Peter froze. "Threaten you?"

Neal made air quotes. "No threat, just a promise. I'll see you later."

"Wow. I think 'I'm coming after you and everyone you've ever cared about' would be less creepy."

"Ditto," said Neal. "So, ah - it's probably hard to escape from wherever she's at, right?"

"Most people aren't you, Neal. Generally they find breaking out of maximum security to go after an ex to be tricky."

"Most people aren't MI5 agents," Neal pointed out. "Most inmates wouldn't be able to break out of a cornfield maze, let alone a prison. It's not actually that impossible."

Peter glanced away for a moment to set his face. "Neal, she's probably in solitary. Cop killer with multiple murders to her name and MI5 training?"

Neal winced. He should have been able to make that leap, just didn't want to. "Even I wouldn't be able to break out of there."

"Me either," agreed Peter.

Now this was a depressing silence.

"Neal...tell me about it sometime, okay?

Neal tried to breeze it off. "You're just mad because there's something you can't read about me in a file."

Another silence. "I'm just sad that something awful happened to you, and I don't know about it."

Neal glanced at him. "You know I'm over it, right?
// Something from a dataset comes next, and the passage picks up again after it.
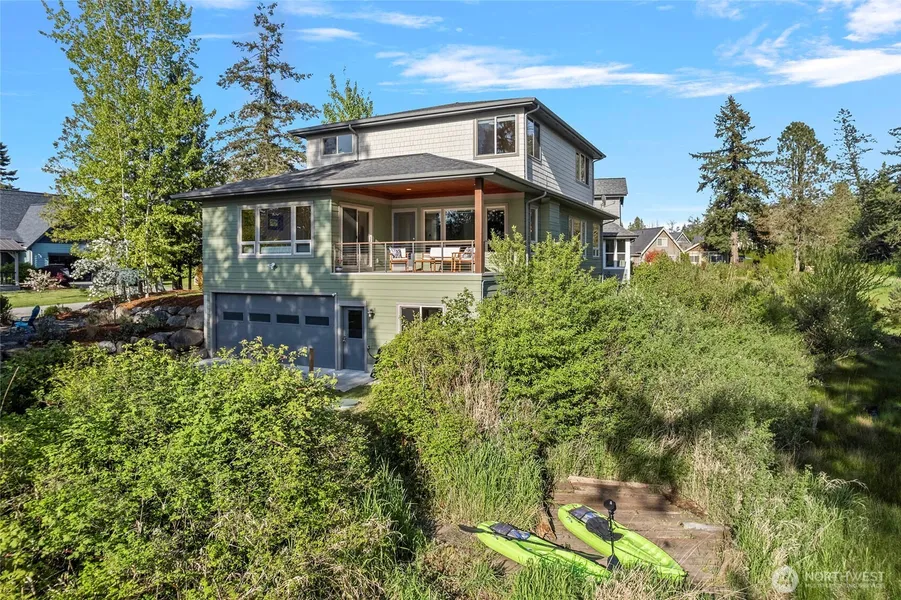 Welcome to your custom contemporary built Harbor Shores home with water views, including 4 bedrooms with a spacious bonus room including a closet that could be a 5th bedroom. Nestled by a wooded creek-perfect for watching wildlife on Drayton Harbor. The single level living on the primary floor features include vaulted ceilings, a gas fireplace, gourmet kitchen, guest bath, spacious laundry, living room and renovated primary suite including a soak-er tub. Radiant heat, central vacuum, fresh interior paint, wine room, abundant storage and smart lighting add refined living. The private entrance to the lower level features an enclosed shop with a sink for today's catch, guest kitchenette with ADU potential for additional income or guests.

Those are scars, not open wounds."

Peter nodded. "I tore them open again, though."

They worked in silence for a few more minutes, with Neal finding it harder and harder to focus his eyes on the spaces he was filling in on the evidence bags.

It's over.

He bit his lip again, so hard that he tasted blood before the pain managed to overwhelm the tears that threatened him. His legs felt weak, and he braced them against the edge of the table.
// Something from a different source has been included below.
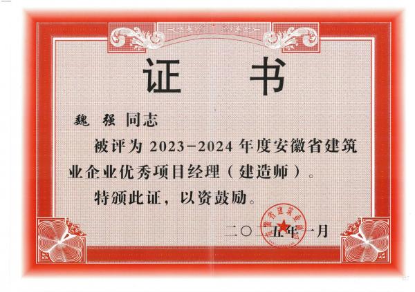 近日,2023-2024年度安徽省建筑業(yè)企業(yè)優(yōu)秀項目經(jīng)理(建造師)名單公布,蚌埠江河公司安徽省懷洪新河水系洼地治理工程固鎮(zhèn)縣張家湖片等治理工程總承包項目張家湖泵站工程項目經(jīng)理魏強榜上有名,這也是蚌埠江河公司員工首次獲得此項榮譽。

He tried to tell himself how much worse it could be. They were both alive and free - well, he wouldn't be free for much longer, but the short stay in prison wouldn't be hard.

He and Peter were still friends...friendly? Or maybe Peter truly didn't want Neal in his life any more. Regardless, he knew from bitter past experience, he would get over this even though it hurt like hell.

It didn't help.

He turned back to the table and set to work labeling another stack of bags with the case number and date. Logged in one of Rebecca's passports and sealed it into its bag.

Nobody had ever wanted him, not really.

Not his mother, who couldn't stand being reminded of James every time she looked at Neal. Not any of the wonderful Marshals who welcomed him into their homes, kept him out of foster care, and were happy to hand him over to whoever else would take him. Not Ellen, who'd sincerely loved him and cared for him. He wasn't hers.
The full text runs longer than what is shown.